Every line in the data below has to be repeated exactly; no picture belongs in the result.

● AVAILABLE DATA

━━━━━━━━

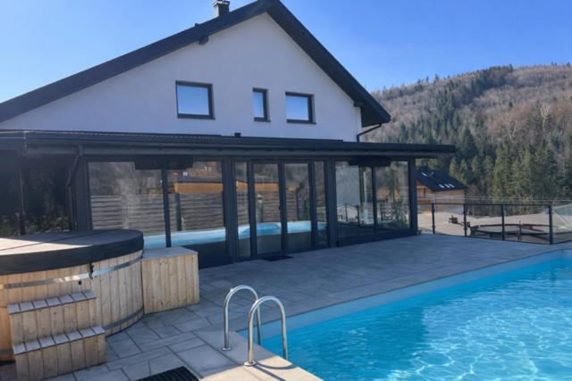 Dom z 5 sypialniami. Guests will have a special experience as this holiday home offers a pool with a view, a hot tub and a sauna. Featuring a private entrance, this air-conditioned holiday home consists of 3 living rooms, 5 separate bedrooms and 3 bathrooms with a bath and a shower. Guests will find a stovetop, a refrigerator, a dishwasher and kitchenware in the fully equipped kitchen. The holiday home also offers a barbecue. The spacious holiday home provides a flat-screen TV with streaming services, a washing machine, a tea and coffee maker, a seating area as well as garden views. The unit offers 8 beds. Dom wakacyjny - 14 osobowy. Powierzchnia pokoju ok.: 213 mkw.
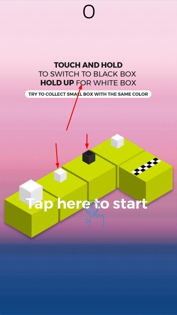 1、启动游戏切换颜色:按大格子开启游戏,按住屏幕时大盒子变为黑色,松开则恢复白色,通过按压与松开的操作切换颜色,确保与即将经过的小盒子颜色一致。
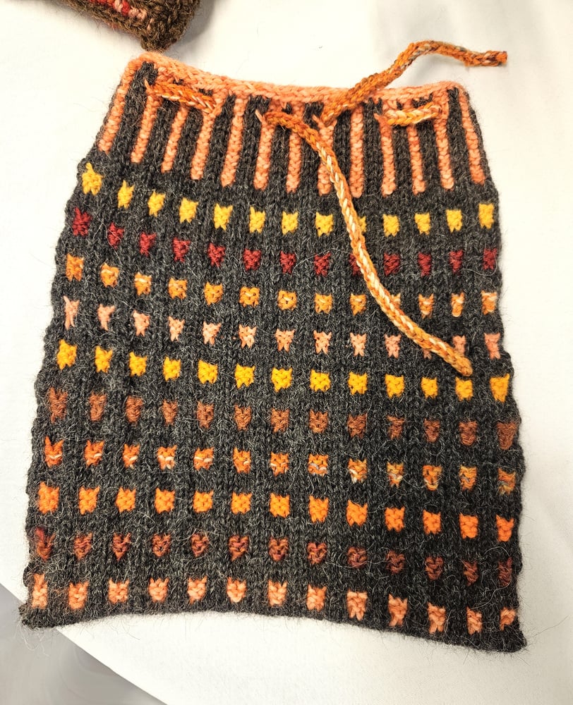 Mosaik – projektpose strikkes nedefra og op. Der slås op med Krydsopslag og strikkes rundt i skiftevis 2-farvet rib og glatstrik = små TERN. Efterfølgende sys bunden sammen. Poserne er oplagte at strikke i garnrester fra lageret, og du kan sagtens blande kvaliteterne.

━━━━━━━━

● ANSWER SPACE
 Dom z 5 sypialniami. Guests will have a special experience as this holiday home offers a pool with a view, a hot tub and a sauna. Featuring a private entrance, this air-conditioned holiday home consists of 3 living rooms, 5 separate bedrooms and 3 bathrooms with a bath and a shower. Guests will find a stovetop, a refrigerator, a dishwasher and kitchenware in the fully equipped kitchen. The holiday home also offers a barbecue. The spacious holiday home provides a flat-screen TV with streaming services, a washing machine, a tea and coffee maker, a seating area as well as garden views. The unit offers 8 beds. Dom wakacyjny - 14 osobowy. Powierzchnia pokoju ok.: 213 mkw.
 1、启动游戏切换颜色:按大格子开启游戏,按住屏幕时大盒子变为黑色,松开则恢复白色,通过按压与松开的操作切换颜色,确保与即将经过的小盒子颜色一致。
 Mosaik – projektpose strikkes nedefra og op. Der slås op med Krydsopslag og strikkes rundt i skiftevis 2-farvet rib og glatstrik = små TERN. Efterfølgende sys bunden sammen. Poserne er oplagte at strikke i garnrester fra lageret, og du kan sagtens blande kvaliteterne.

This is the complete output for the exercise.